Which begins to make me wonder about the veracity of all this. After all, the business about Harmsworth, the 300,00 miles and the 3 grand jackpot only enters in at a later date when you think about it.

Now, I’m the last one to ruin a good story by letting the facts get in the way but, for instance, if we look back three years to a time when he tramped into Lewes on or about Saturday June 2nd 1906, the Sussex Express printed the following under the headline, A GREAT WALK.

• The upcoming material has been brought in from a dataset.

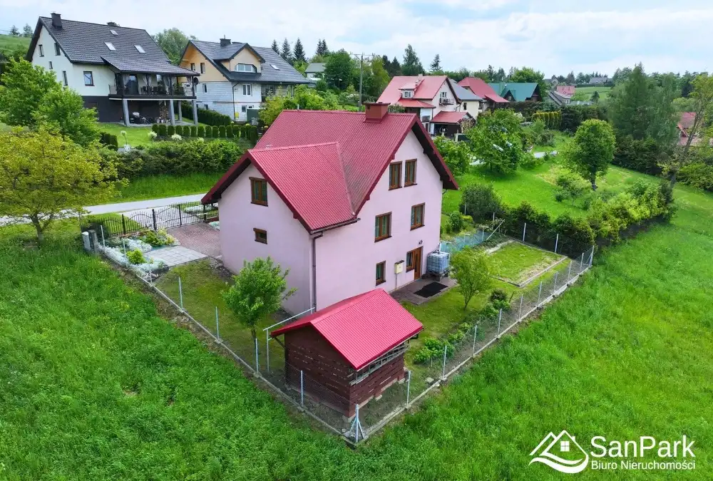 Wybudowany w 2014 roku budynek jest w świetnej kondycji technicznej – ocieplony, z oknami PCV, a w jego bryle umieszczono praktyczny garaż z segmentową bramą. Całość została zaprojektowana tak, aby dom był funkcjonalny, a jednocześnie przytulny i gotowy do zamieszkania bez jakichkolwiek inwestycji.
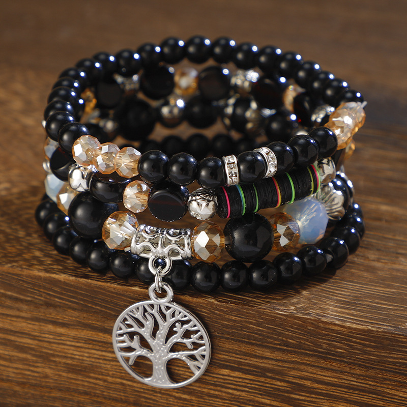 ファッションボヘミアン多層生命木ペンダントブレスレット手作りビーズセット人工水晶ガラスアクセサリー

‘On Tuesday morning a hale and hearty old veteran walked into the “Sussex Express” Office and announced himself Mark All, the holder the World’s record for walking the longest distance in the shortest time. A little more than five years ago, and when had reached the age 72, All imposed upon himself the gigantic task of walking 60,000 miles in seven years, the distance to be completed by December, 1907. By ten o’clock Tuesday morning, which hour he arrived Lewes, All had covered 51,250 miles, leaving 8,750, which, if he is able keep up his average, he will accomplish about next February, or several months before the stipulated time.’

Hang on! “60,000 miles … in 7 years”. I’m going to have to sleep on this!